Could the deer be attracted the smell of the beaver castor? 

I'm thinking of not using any castor based lures for fox and coyote anymore but the yotes seem to come to the sets but I just haven't had any step on the pan except for one that pulled out just as I was about to shoot it.

I don't know maybe just using the wrong amount? 


Ken


----------



## orion (Apr 8, 2002)

Deer have great sense of smell and are very curious. They seem to be attracted to most of the sets I make, especially ones for canines. It just goes with the territory I guess.


----------



## Northcountry (Feb 4, 2004)

I agree with Orion.

Deer come straight into my canine sets all the time, stepping on the trap, sticking their nose in the hole, etc. In snow, you can really see the whole story. They will come in from quite a distance.

I'm sure you know, but for the benefit of others reading this, there is no danger to the deer. If they step on a foothold trap they will pull their foot right out of it without any obvious struggle at all. Their foot/hoof is hard and smooth....and the trap jaws just slide over them.

I have often thought about taking a jar of canine lure out deer hunting. Just unscrew the lid and set the jar where you want a deers nose to be. You dont need to waste money of expensive deer lures, I know for a fact that our trapping lures will bring them in.


----------



## kenockee_ken (Jan 27, 2004)

Well its good to know that I'm not the only one experiencing this.
Its just starting to get old... remaking sets with no animal caught that is.

Deer just step on the trap and pull it up out of the bed and leave it there for you to rebed.....thats really nice of them huh...


Ken


----------



## Bmac (Jul 7, 2002)

Northcountry said:


> I have often thought about taking a jar of canine lure out deer hunting. Just unscrew the lid and set the jar where you want a deers nose to be. You dont need to waste money of expensive deer lures, I know for a fact that our trapping lures will bring them in.
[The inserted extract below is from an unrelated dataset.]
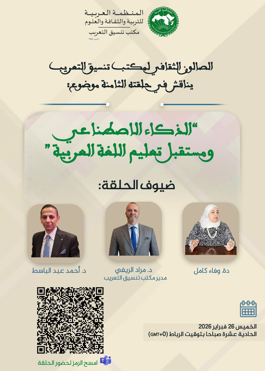 في إطار برنامجه الثقافي الهادف إلى تعزيز البحث العلمي وتشجيع التبادل المعرفي في مجالات اللغة العربية والمعجمية والتعريب؛ نظم مكتب تنسيق التعريب التابع للمنظمة العربية للتربية والثقافة والعلوم (الألكسو) الحلقة الثامنة من صالونه الثقافي، التي خُصصت لموضوع «تطبيقات الذكاء الاصطناعي ومستقبل تعليم اللغة العربية».

I've been thinking the same thing. Between deer firing them and the dang opossum, nothing else gets a chance to get in the set. I've pulled all my traps as I got tired of it. I might set the water for a couple weeks and see what happens there.


----------



## Neal (Mar 20, 2001)

Get a bigger trap


----------



## Neal (Mar 20, 2001)

Here ya go


----------



## Dave Lyons (Jun 28, 2002)

Ken,

I was using a grey fox lure this pass year called grey fox candycane. Worked good on the greys but them deer sure loved the smell. I had then paw at the dirthole just to get more. This happens just need more traps per location is all.

Dave


----------



## Hondaxr (Jan 25, 2004)

I have not had a deer set the trap yet, but have had deer visit one coyote set on three different occassions. Only once be a coyote! All well,

Dan


----------



## mhodnettjr (Jan 30, 2005)

I had the same problem a while back. i still have deer investigate my sights all the time. one thing that i notice is when i use urine..fox in particular, (even my own on an experiment for an unproductive trap ) thats when the deer have taken such an interest to my sets. dave duncan told me one time to move the sets right up as close as i could to the dirt hole while keeping the trap in range to still catch a yote, since then i havent had a trap stepped in by a deer footprints all around and up to the trap but they are so much larger than a coyote or fox they dont get close enough to set off the trap.

mike


----------